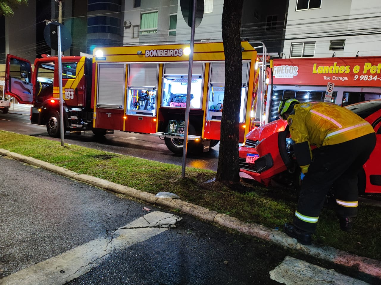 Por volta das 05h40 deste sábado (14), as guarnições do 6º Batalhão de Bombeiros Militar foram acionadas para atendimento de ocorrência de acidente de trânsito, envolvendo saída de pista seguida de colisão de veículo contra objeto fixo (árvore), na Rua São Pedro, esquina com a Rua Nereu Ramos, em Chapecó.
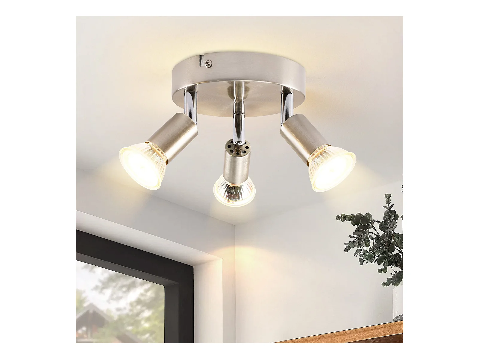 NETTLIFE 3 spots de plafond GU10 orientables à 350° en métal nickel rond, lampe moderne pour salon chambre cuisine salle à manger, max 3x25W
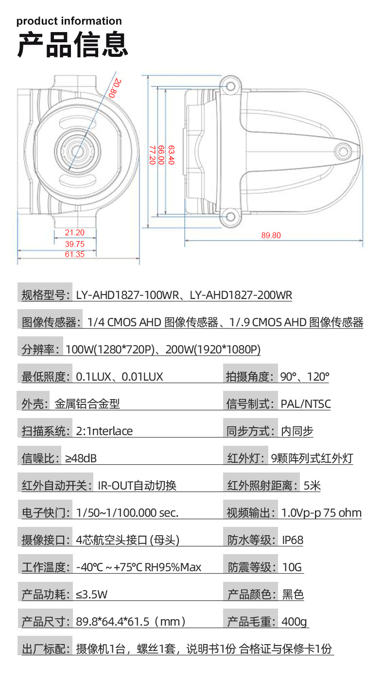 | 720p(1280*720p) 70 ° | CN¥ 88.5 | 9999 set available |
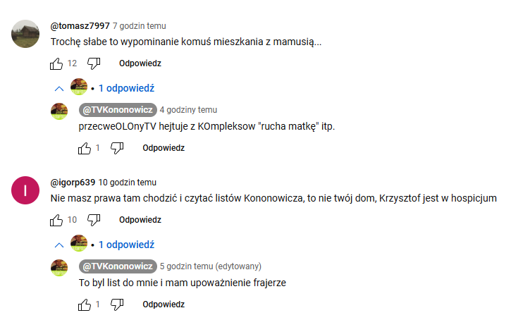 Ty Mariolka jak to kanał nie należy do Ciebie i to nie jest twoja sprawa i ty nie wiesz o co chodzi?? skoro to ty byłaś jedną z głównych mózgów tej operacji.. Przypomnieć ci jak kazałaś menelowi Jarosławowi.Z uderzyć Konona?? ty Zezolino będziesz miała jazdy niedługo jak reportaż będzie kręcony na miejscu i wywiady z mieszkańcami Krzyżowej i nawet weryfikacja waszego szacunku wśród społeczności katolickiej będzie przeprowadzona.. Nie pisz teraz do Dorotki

...

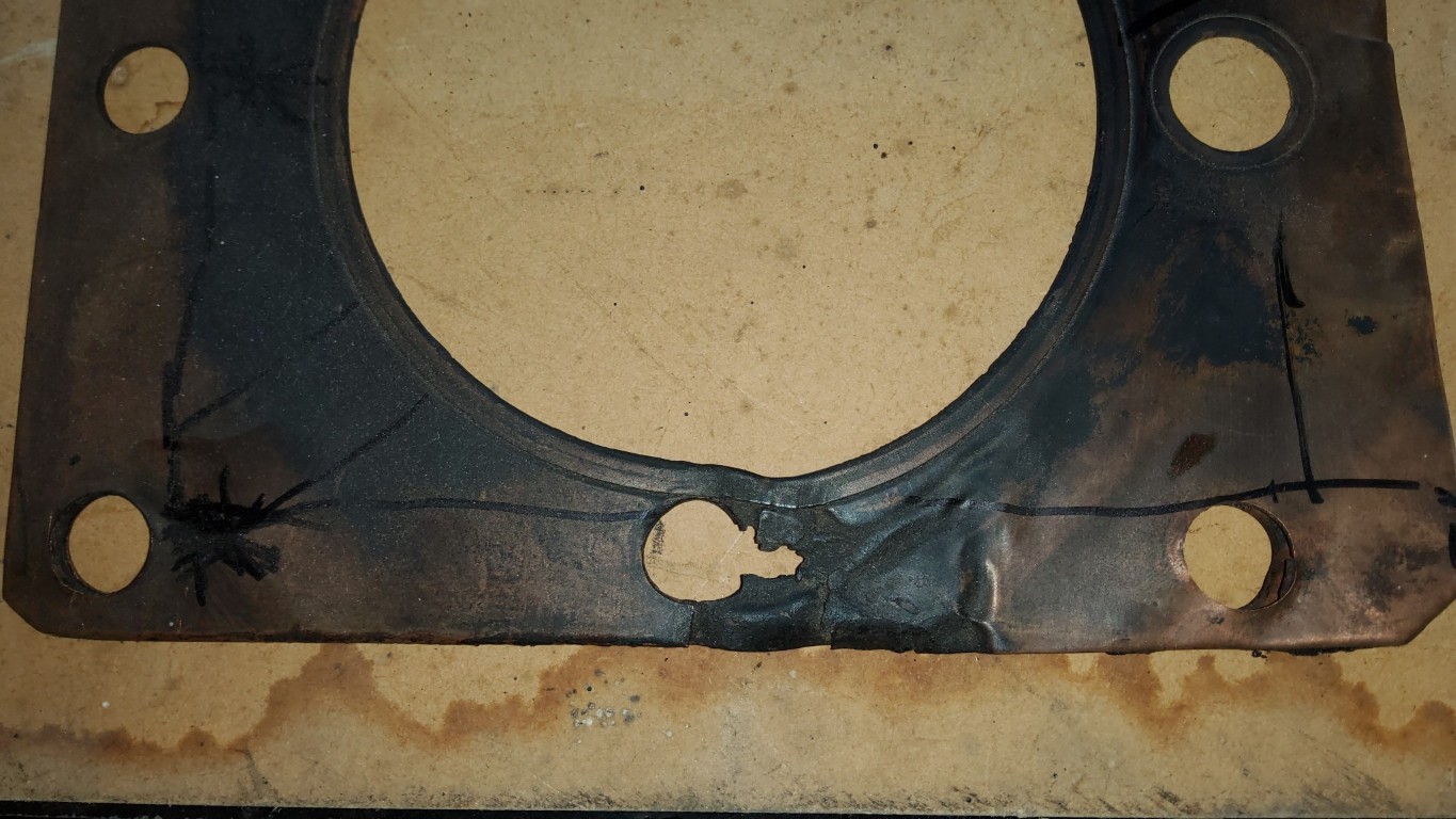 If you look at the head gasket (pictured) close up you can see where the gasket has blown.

ACTIVITY: The reply should hold exactly the lines above, starting at the line with "NETTLIFE 3 spots" and ending at the line with "Ty Mariolka jak", and no pictures.

TASK RESULT:
 NETTLIFE 3 spots de plafond GU10 orientables à 350° en métal nickel rond, lampe moderne pour salon chambre cuisine salle à manger, max 3x25W
 | 720p(1280*720p) 70 ° | CN¥ 88.5 | 9999 set available |
 Ty Mariolka jak to kanał nie należy do Ciebie i to nie jest twoja sprawa i ty nie wiesz o co chodzi?? skoro to ty byłaś jedną z głównych mózgów tej operacji.. Przypomnieć ci jak kazałaś menelowi Jarosławowi.Z uderzyć Konona?? ty Zezolino będziesz miała jazdy niedługo jak reportaż będzie kręcony na miejscu i wywiady z mieszkańcami Krzyżowej i nawet weryfikacja waszego szacunku wśród społeczności katolickiej będzie przeprowadzona.. Nie pisz teraz do Dorotki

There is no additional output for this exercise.